* Problem statement *
Print only the lines below, from the very first to the one containing "Segons les dades", exactly as they stand. Do not print pictures.

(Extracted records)
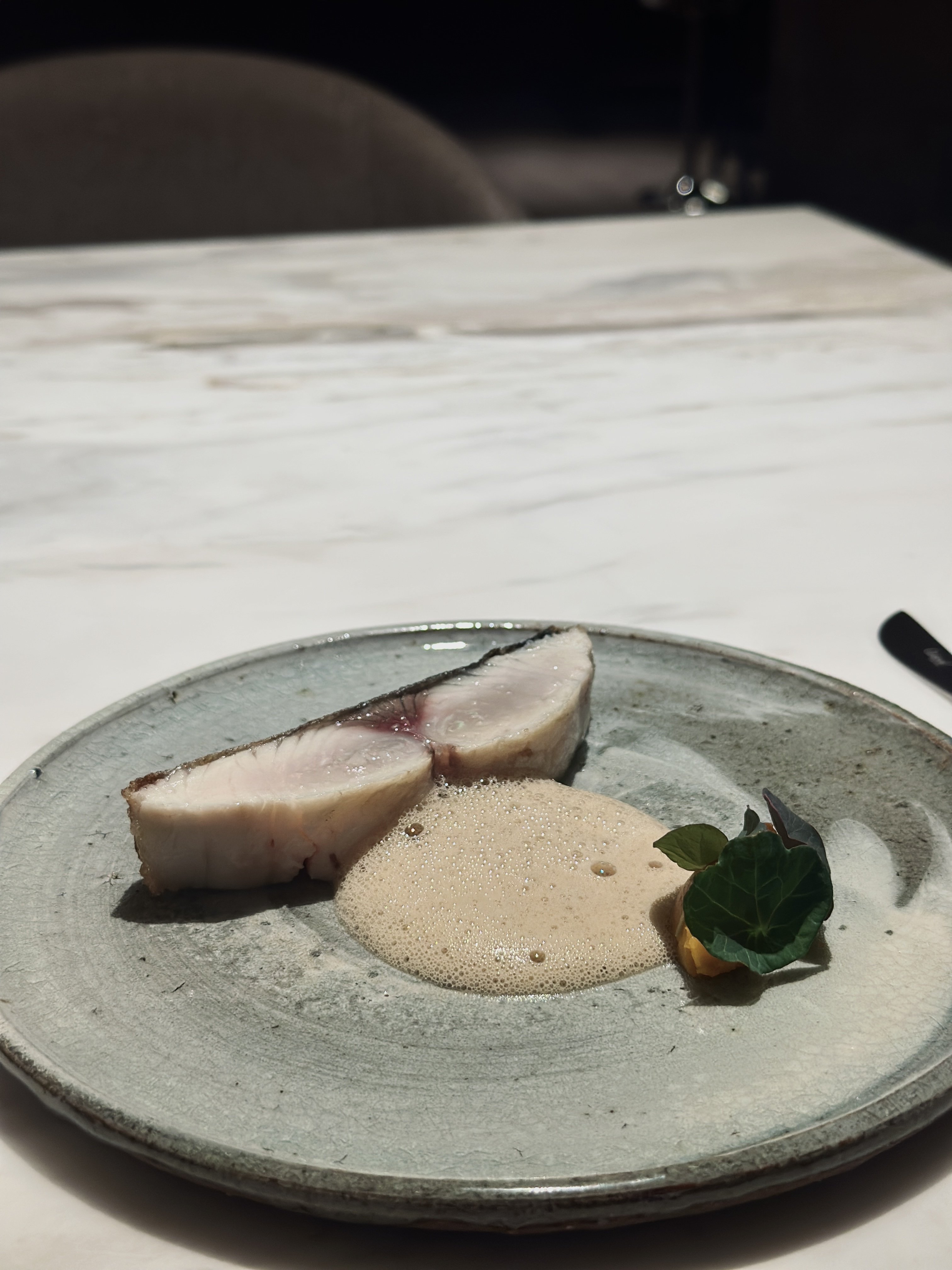 隨後登場的魚料理選用日本旬魚,其肉質細緻且富有彈性,搭配南瓜泥帶出的溫潤甜感,與雪莉酒和乾蔥熬製的輕盈酸香醬汁融合,讓這段冬季行進曲在進入主餐前,完成一次優雅而溫暖的收束。
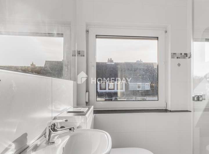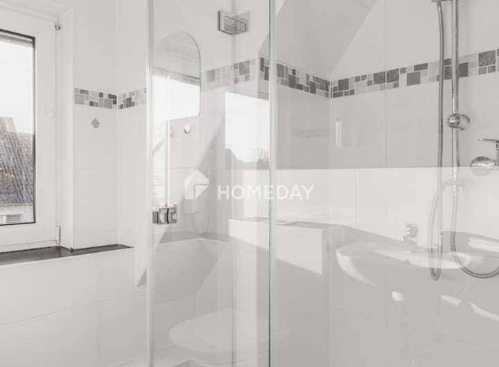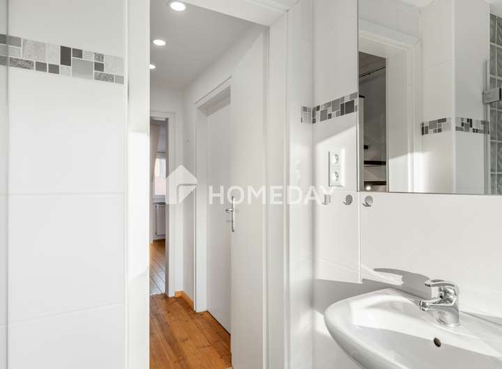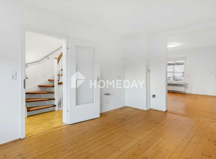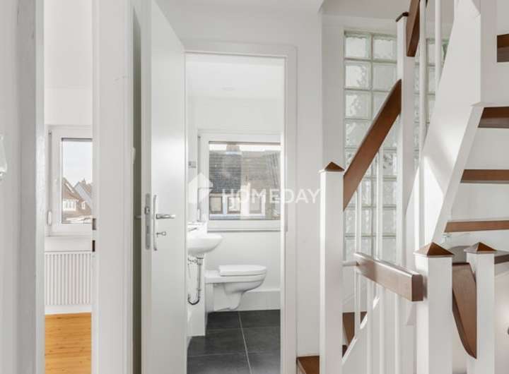 Über die erneuerte Treppe erreichen Sie das Obergeschoss. Hier erwarten Sie zwei gemütliche Schlafzimmer, die dank cleverer Grundrissgestaltung Ruhe und Privatsphäre bieten. Das moderne Tageslichtbad mit geschmackvoller Ausstattung sorgt für einen frischen Start in den Tag.
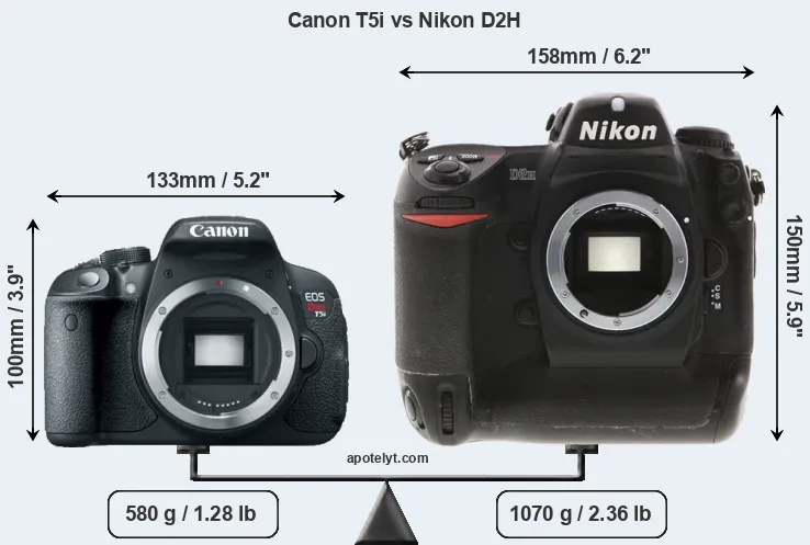 If the front view area (width x height) of the cameras is taken as an aggregate measure of their size, the Nikon D2H is considerably larger (78 percent) than the Canon T5i. Moreover, the D2H is substantially heavier (84 percent) than the T5i. It is noteworthy in this context that the D2H is splash and dust-proof, while the T5i does not feature any corresponding weather-sealing.
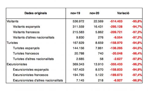 Segons les dades d’Estadística, el mes de novembre del 2020 han entrat al país 22.569 persones, amb una variació negativa del -95,8% del nombre de visitants respecte al mes de novembre de l’any passat. El nombre d’excursionistes ha estat de 13.910 amb una variació negativa del -96,2%, respecte al mes de novembre de l’any passat. Quant al nombre de turistes ha estat de 8.659 amb una variació negativa del -94,8% respecte al mes de novembre de l’any passat.
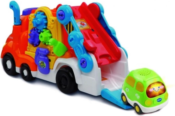 La voiture de service Tut Tut de VTech est le compagnon idéal pour les enfants qui veulent s’amuser tout en apprenant. Le jouet peut transporter jusqu’à quatre petites voitures Tut Tut et regorge d’éléments interactifs qui développent la motricité et l’imagination. Grâce aux points de contact « Smart point », il joue trois chansons et propose de nombreuses phrases amusantes, ce qui aide à développer le vocabulaire des enfants.
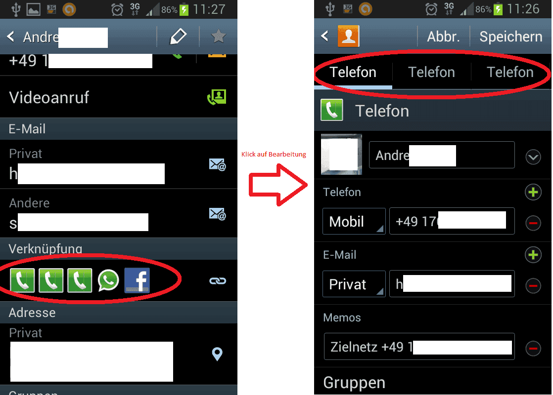 Wenn ich auf Bearbeiten klicke dann gibts aufeinmal 3 Reiter mit den Namen "Telefon". Meist ist der 1. Reiter so ausgefüllt wie ich es haben möchte. beim 2. bzw. 3. Reiter sehe ich entweder nur den Namen oder Namen und Telefonnummer.
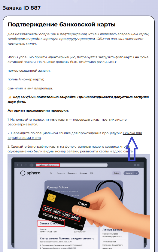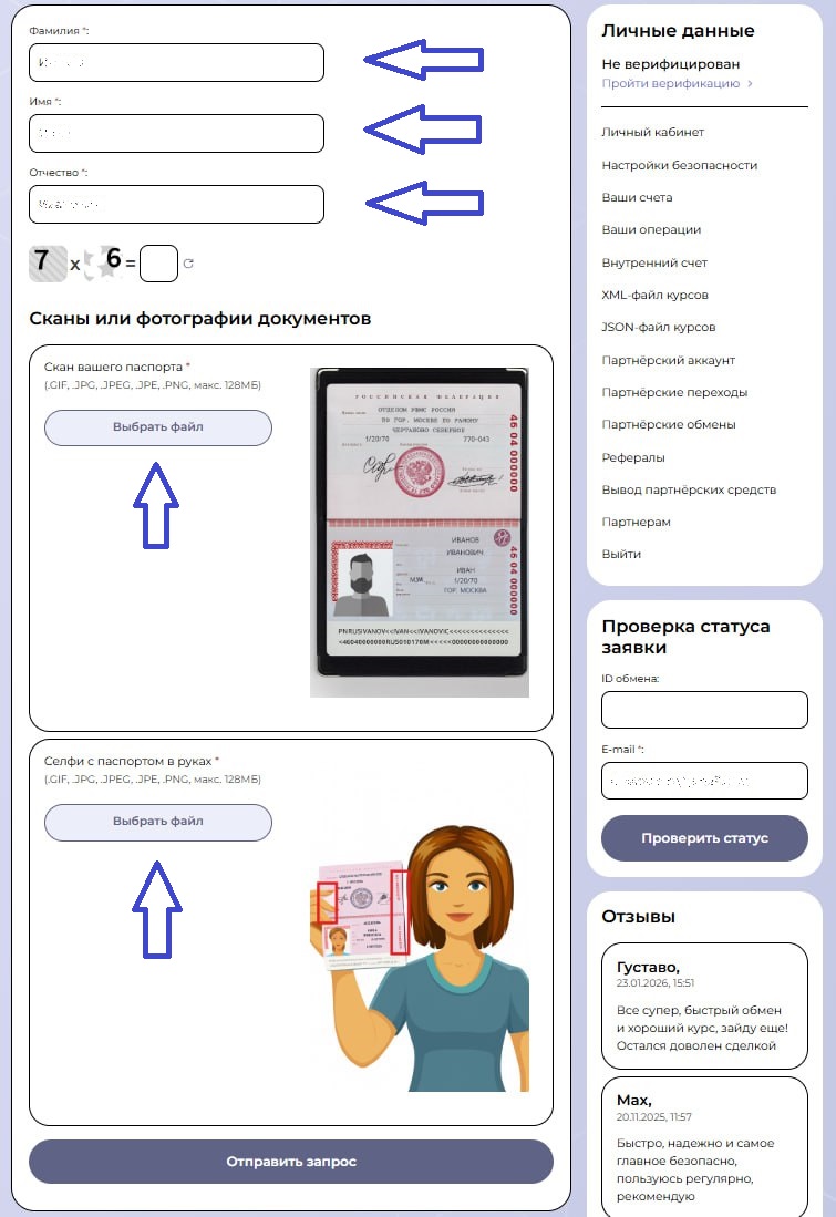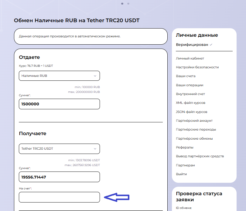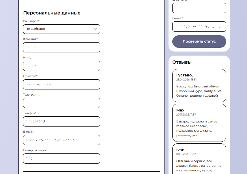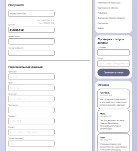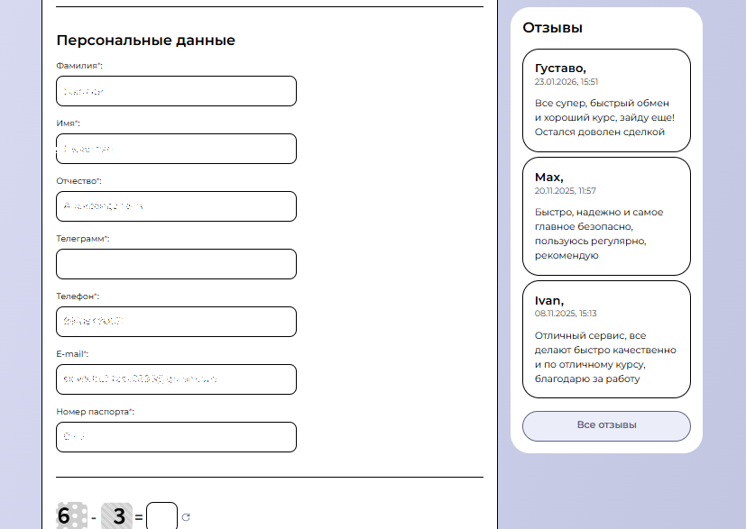 При создании заявки система запрашивает персональные данные, включая ФИО, контактную информацию и платежные реквизиты. Эти данные используются исключительно для проведения транзакции и защиты пользователей в рамках KYC и AML.

* Result of the task *
 隨後登場的魚料理選用日本旬魚,其肉質細緻且富有彈性,搭配南瓜泥帶出的溫潤甜感,與雪莉酒和乾蔥熬製的輕盈酸香醬汁融合,讓這段冬季行進曲在進入主餐前,完成一次優雅而溫暖的收束。
 Über die erneuerte Treppe erreichen Sie das Obergeschoss. Hier erwarten Sie zwei gemütliche Schlafzimmer, die dank cleverer Grundrissgestaltung Ruhe und Privatsphäre bieten. Das moderne Tageslichtbad mit geschmackvoller Ausstattung sorgt für einen frischen Start in den Tag.
 If the front view area (width x height) of the cameras is taken as an aggregate measure of their size, the Nikon D2H is considerably larger (78 percent) than the Canon T5i. Moreover, the D2H is substantially heavier (84 percent) than the T5i. It is noteworthy in this context that the D2H is splash and dust-proof, while the T5i does not feature any corresponding weather-sealing.
 Segons les dades d’Estadística, el mes de novembre del 2020 han entrat al país 22.569 persones, amb una variació negativa del -95,8% del nombre de visitants respecte al mes de novembre de l’any passat. El nombre d’excursionistes ha estat de 13.910 amb una variació negativa del -96,2%, respecte al mes de novembre de l’any passat. Quant al nombre de turistes ha estat de 8.659 amb una variació negativa del -94,8% respecte al mes de novembre de l’any passat.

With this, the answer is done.